** DATA PROVIDED follows **
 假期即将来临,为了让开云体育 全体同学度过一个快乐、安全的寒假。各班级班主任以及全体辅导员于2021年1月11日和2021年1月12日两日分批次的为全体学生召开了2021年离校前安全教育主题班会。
** End of DATA PROVIDED **
** DATA PROVIDED follows **
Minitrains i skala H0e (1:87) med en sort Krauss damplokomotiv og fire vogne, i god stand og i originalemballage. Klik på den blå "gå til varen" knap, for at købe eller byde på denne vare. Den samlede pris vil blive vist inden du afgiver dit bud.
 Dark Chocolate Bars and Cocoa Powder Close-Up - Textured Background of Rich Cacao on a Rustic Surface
** End of DATA PROVIDED **
■ PROMPT:
Take the stretch of lines above from the one containing "Minitrains i skala" through the one containing "Dark Chocolate Bars" and repeat it exactly, adding no other line.

■ YOUR SOLUTION:
Minitrains i skala H0e (1:87) med en sort Krauss damplokomotiv og fire vogne, i god stand og i originalemballage. Klik på den blå "gå til varen" knap, for at købe eller byde på denne vare. Den samlede pris vil blive vist inden du afgiver dit bud.
 Dark Chocolate Bars and Cocoa Powder Close-Up - Textured Background of Rich Cacao on a Rustic Surface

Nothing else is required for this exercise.